**Assignment**
Below are records with pictures. Transcribe exactly, and only, the lines from the line with "- NECK PROTECTION: The" to the line with "Each element (wall", both ends included, but not the pictures.

**Records provided**
_ _ _

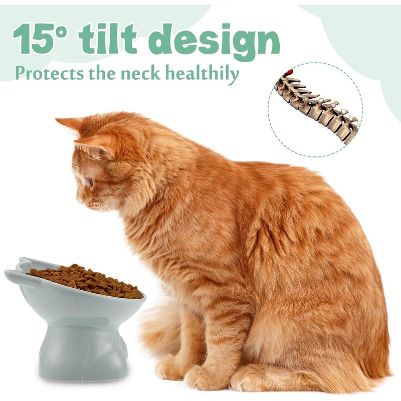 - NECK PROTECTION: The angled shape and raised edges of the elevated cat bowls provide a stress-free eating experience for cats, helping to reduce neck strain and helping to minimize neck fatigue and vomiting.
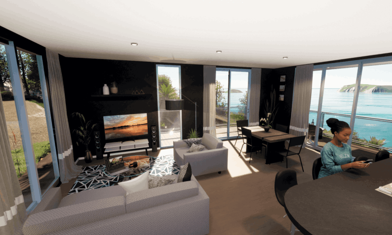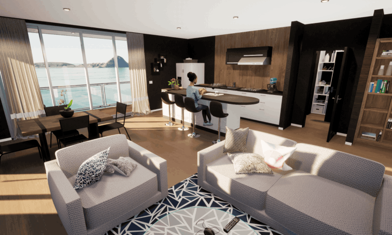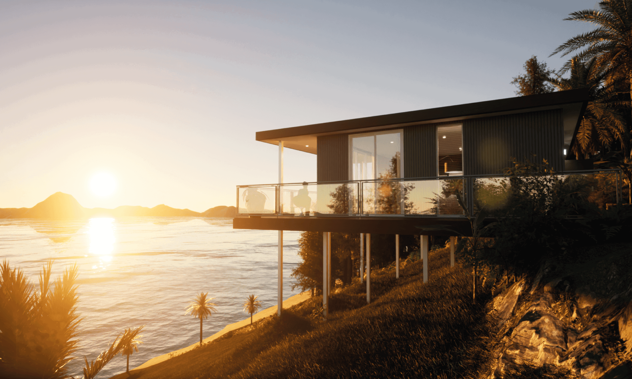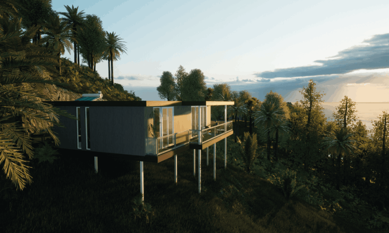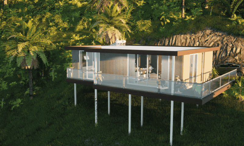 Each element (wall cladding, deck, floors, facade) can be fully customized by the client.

_ _ _

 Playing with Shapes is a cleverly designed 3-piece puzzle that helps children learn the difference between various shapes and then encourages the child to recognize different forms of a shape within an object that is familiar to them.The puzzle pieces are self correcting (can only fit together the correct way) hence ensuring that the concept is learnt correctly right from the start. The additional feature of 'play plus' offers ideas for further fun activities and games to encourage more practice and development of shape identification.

_ _ _

**Answer space**
 - NECK PROTECTION: The angled shape and raised edges of the elevated cat bowls provide a stress-free eating experience for cats, helping to reduce neck strain and helping to minimize neck fatigue and vomiting.
 Each element (wall cladding, deck, floors, facade) can be fully customized by the client.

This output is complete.